Question of interaction between spins in semiconductor quantum dot ensembles solved

Quantum dot ensembles can be simplified as a two-dimensional surface on which dots of different sizes are distributed at irregular intervals. One electron spin - the intrinsic angular momentum of electrons - is localized in each of these dots. The distances between them are so large that actually no interaction between the individual spins should take place. Experiments with laser pulses, however, have shown that the spins react to lasers with different frequencies, so there is indeed an interaction. "The research group of Prof. Manfred Bayer from the Faculty of Physics was already able to demonstrate experimentally in 2011 that the spins do interact with each other. For possible applications, however, it is essential to also understand the mechanism behind the interaction," says Prof. Frithjof Anders.

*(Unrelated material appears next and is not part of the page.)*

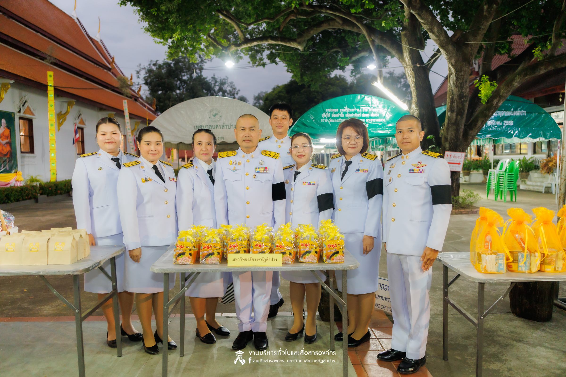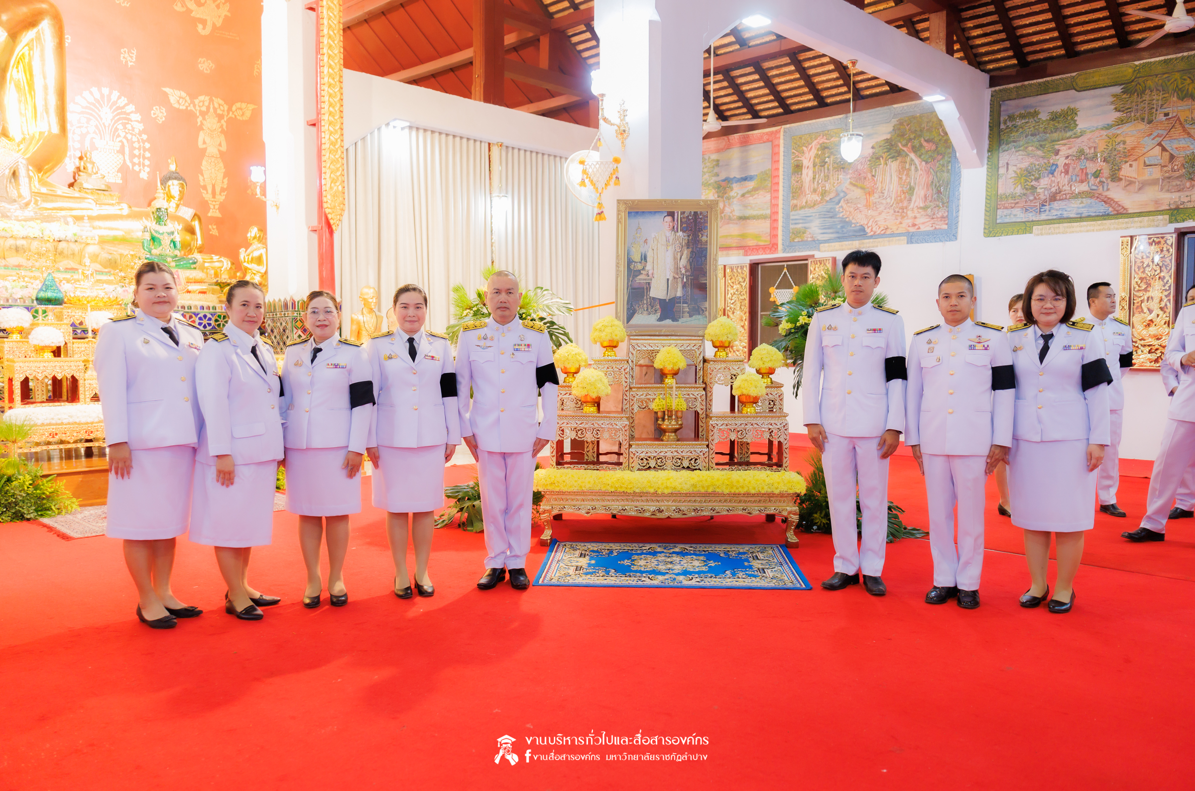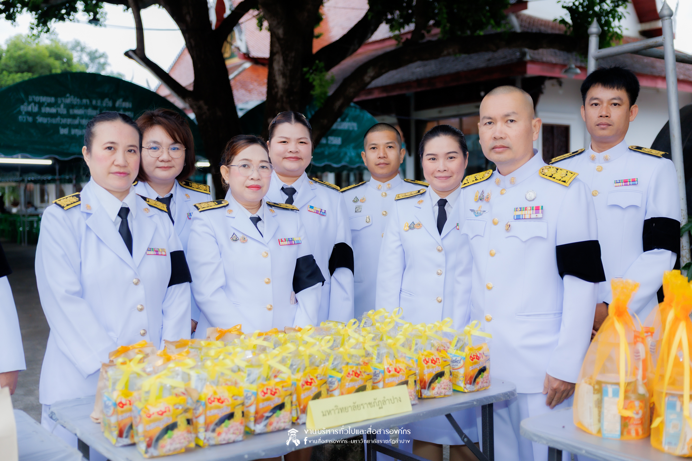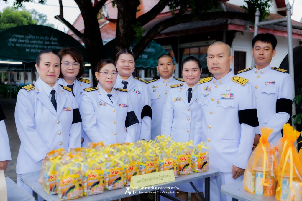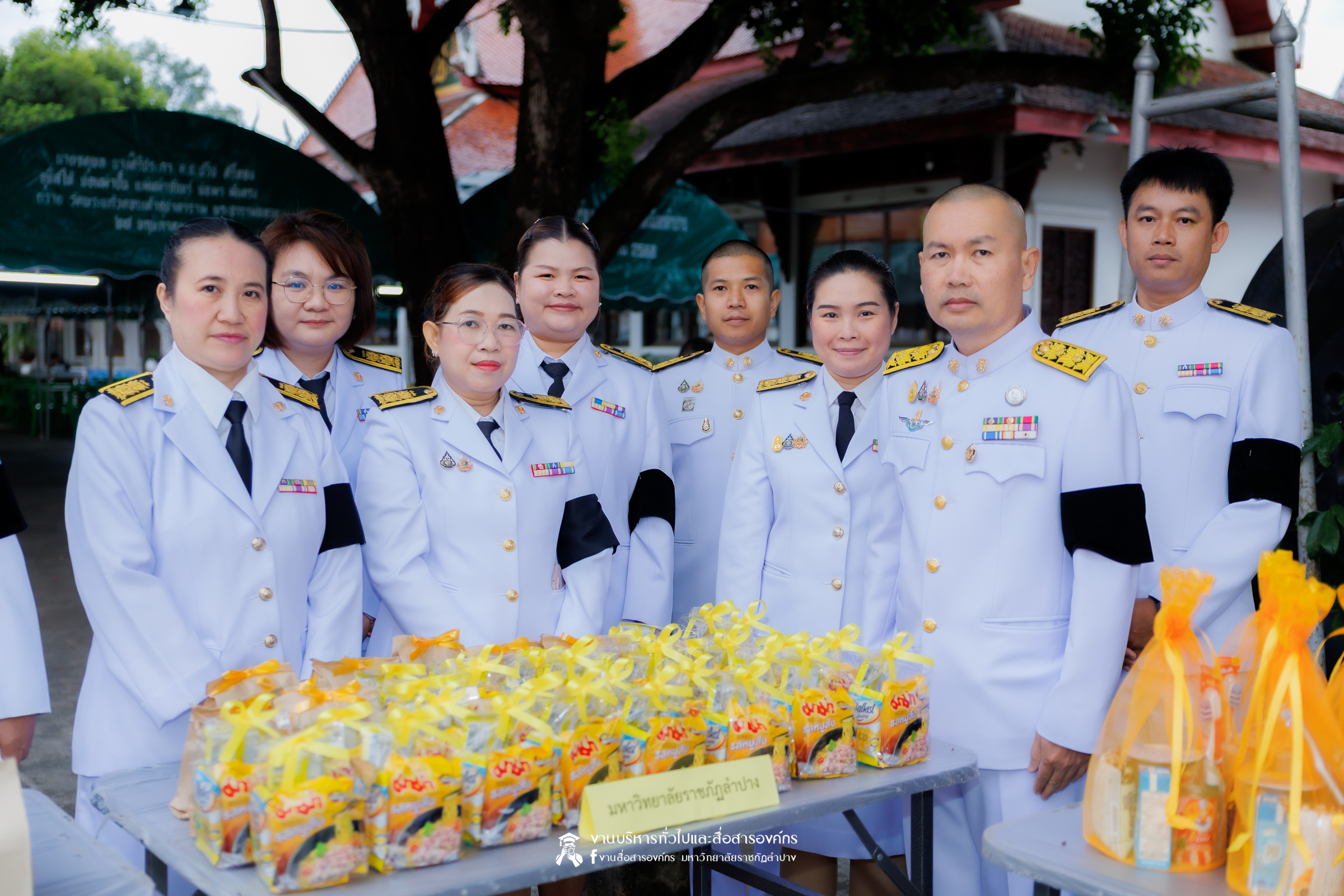 เมื่อวันที่ 5 ธันวาคม 2568 รศ.ดร.ปริเยศ สิทธิสรวง รองอธิการบดีฝ่ายบริหาร พร้อมด้วย นางสาวศศธร เครือนันตา นักประชาสัมพันธ์ ชำนาญการ รักษาการในตำแหน่งหัวหน้างานบริหารทั่วไปและสื่อสารองค์กร นางกันทิมา จันทร์แสง เจ้าหน้าที่บริหารงานทั่วไป ปฏิบัติการ ปฏิบัติหน้าที่ในตำแหน่งหัวหน้างานบริหารทั่วไป สังกัดกองพัฒนานักศึกษา นางสาวศิริลักษณ์ พิลัยหล้า นักวิชาการศึกษาพิเศษ ปฏิบัติการ นางสาวกาญจนา ไชยโย นักวิชาการศึกษาพิเศษ ปฏิบัติการ นายณัฐวุฒิ นันต๊ะแขม เจ้าหน้าที่บริหารงานทั่วไป ปฏิบัติการ นางสาวเปรมกมล สานำ เจ้าหน้าที่บริหารงานทั่วไป ปฏิบัติการ ว่าที่ร้อยเอกเอกนรินทร์ เสาสีนาด นักวิชาการศึกษา ปฏิบัติการ สังกัดกองพัฒนานักศึกษา และนายชนาธิป เมืองมูล นักประชาสัมพันธ์ ปฏิบัติการ สังกัดงานบริหารทั่วไปและสื่อสารองค์กร สำนักงานอธิการบดี ร่วมพิธีเจริญพระพุทธมนต์ และทำบุญตักบาตรถวายพระราชกุศล เนื่องในวันคล้ายวันพระบรมราชสมภพ พระบาทสมเด็จพระบรมชนกาธิเบศร มหาภูมิพลอดุลยเดชมหาราช บรมนาถบพิตร วันชาติ และวันพ่อแห่งชาติ 5 ธันวาคม 2568 โดยมี นายวิวัฒน์ อินทร์ไทยวงศ์ ผู้ว่าราชการจังหวัดลำปาง นำคณะผู้บริหาร หัวหน้าส่วนราชการ ข้าราชการ เจ้าหน้าที่ และประชาชนชาวจังหวัดลำปางทุกหมู่เหล่า เข้าร่วมพิธี ณ วัดพระแก้วดอนเต้าสุชาดาราม พระอารามหลวง

Results successfully reproduced

The team therefore created a theoretical model, constrained it using realistic basic assumptions and chose the parameters in such a way that the experimental results could be reproduced. "We were ultimately able to establish very good agreement between the experimental and theoretical results," reports Frederik Vonhoff. With the help of the model, it is now possible to predict how the interactions can be specifically influenced and adapted for certain applications. The findings could help improve the integration of quantum information processing hardware into standard computer hardware in the future.

The research was conducted as part of Collaborative Research Center/Transregio 160, "Coherent Manipulation of Interacting Spin Excitations in Tailored Semiconductors." From the team of Prof. Frithjof Anders, Frederik Vonhoff and Andreas Fischer as well as Kira Deltenre were significantly involved in the publication, which was recently published in the renowned journal Physical Review Letters.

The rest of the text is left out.